Question

graph each equation.

1. $\frac{x^{2}}{4} + \frac{y^{2}}{9} = 1$

Explanation:

Step1: Identify the conic section

The equation \(\frac{x^{2}}{4}+\frac{y^{2}}{9} = 1\) is in the standard form of an ellipse \(\frac{x^{2}}{b^{2}}+\frac{y^{2}}{a^{2}}=1\) (since \(a>b>0\) and the major axis is along the \(y\)-axis), where \(a^{2}=9\) and \(b^{2}=4\). So, \(a = 3\) and \(b=2\).

Step2: Find the vertices and co - vertices

• For the major axis (along \(y\)-axis): The vertices are at \((0,\pm a)=(0,\pm3)\).
• For the minor axis (along \(x\)-axis): The co - vertices are at \((\pm b,0)=(\pm2,0)\).

Step3: Plot the points

• Plot the points \((0, 3)\), \((0,- 3)\), \((2,0)\) and \((-2,0)\) on the coordinate plane.
• Then, draw a smooth ellipse passing through these four points. The ellipse will be symmetric about both the \(x\)-axis and \(y\)-axis.
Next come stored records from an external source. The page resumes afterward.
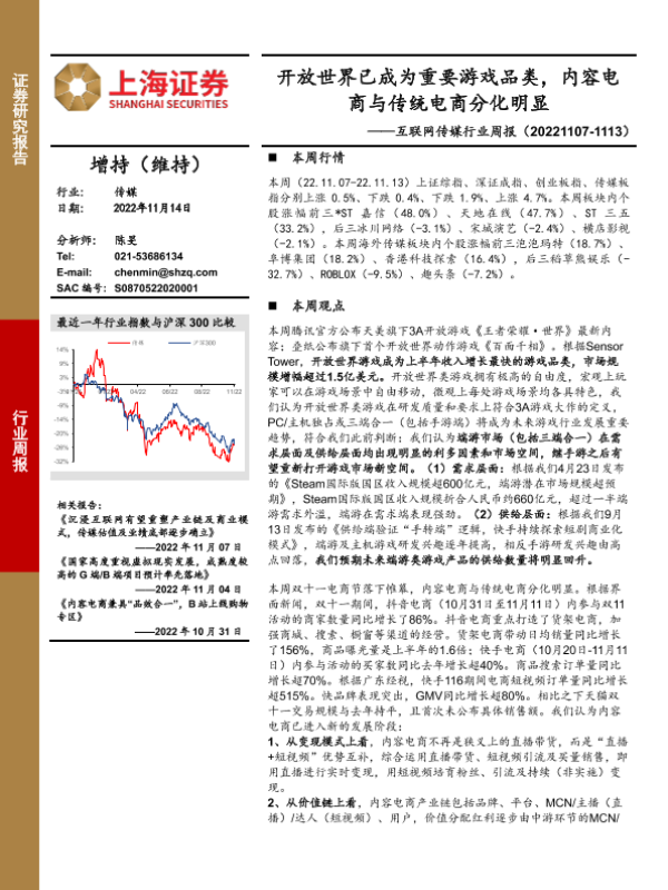 【上海证券】【20221114】互联网传媒行业周报:开放世界已成为重要游戏品类,内容电商与传统电商分化明显-24页 行业研究
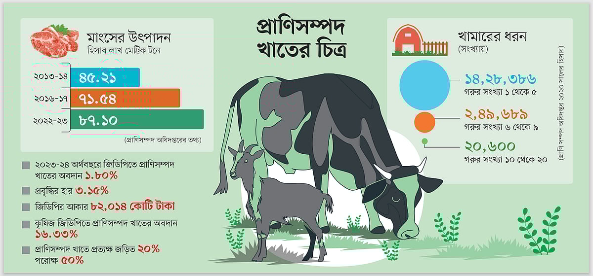 প্রাণিসম্পদ অধিদপ্তরের হিসাব অনুযায়ী, ২০২৩-২৪ অর্থবছরে জিডিপিতে স্থির মূল্যে প্রাণিসম্পদ খাতের অবদান ১ দশমিক ৮০ শতাংশ। এ খাতে প্রবৃদ্ধির হার ৩ দশমিক ১৫ শতাংশ। আর চলতি মূল্যে জিডিপির আকার ৮২ হাজার ১৪ কোটি টাকা।
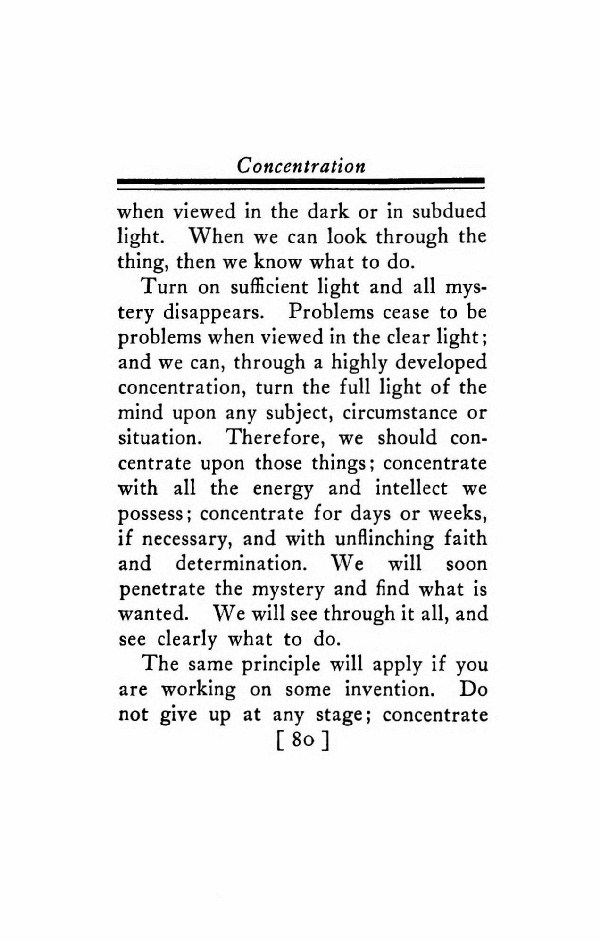 Turn on sufficient light and all mystery disappears. Problems cease to be problems when viewed in the clear light; and we can, through a highly developed concentration, turn the full light of the mind upon any subject, circumstance or situation. Therefore, we should concentrate upon those things; concentrate with all the energy and intellect we possess; concentrate for days or weeks, if necessary, and with unflinching faith and determination. We will soon penetrate the mystery and find what is wanted. We will see through it all, and see clearly what to do.
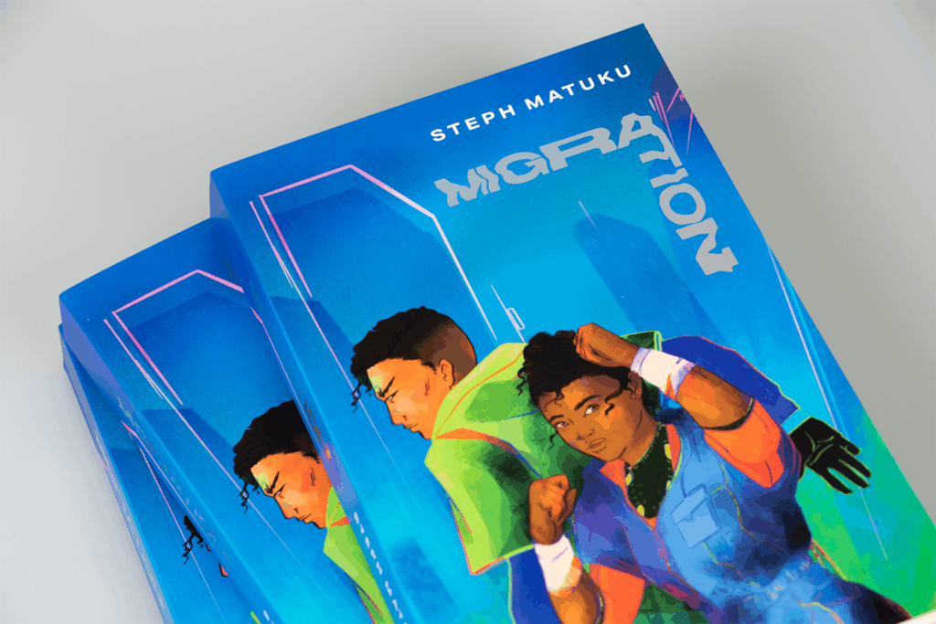 Design Statement: The cover design for Migration reflects the boldness and chaos of the narrative, drawing on 60s sci-fi posters, street art, and the hyper-saturated energy of Takashi Murakami. Mixed-media textures combine with distorted forms to channel the story’s grit and intensity. Farah, with her braided battle hair and headset, stands apart from typical sci-fi leads, visually intense, imperfect, and central to the composition.

(Note: Since the problem asks to graph the equation, the final answer is the graph of the ellipse with vertices \((0,\pm3)\) and co - vertices \((\pm2,0)\) as described above. If we were to describe the key points for the graph: vertices at \((0, 3)\), \((0, - 3)\) and co - vertices at \((2,0)\), \((-2,0)\) and the ellipse passing through them.)

Answer:

The graph is an ellipse with vertices at \((0, 3)\), \((0, - 3)\) and co - vertices at \((2,0)\), \((-2,0)\), symmetric about the \(x\) - axis and \(y\) - axis, passing through these four points. (To draw it, plot the points \((0,3)\), \((0, - 3)\), \((2,0)\), \((-2,0)\) and sketch a smooth ellipse through them.)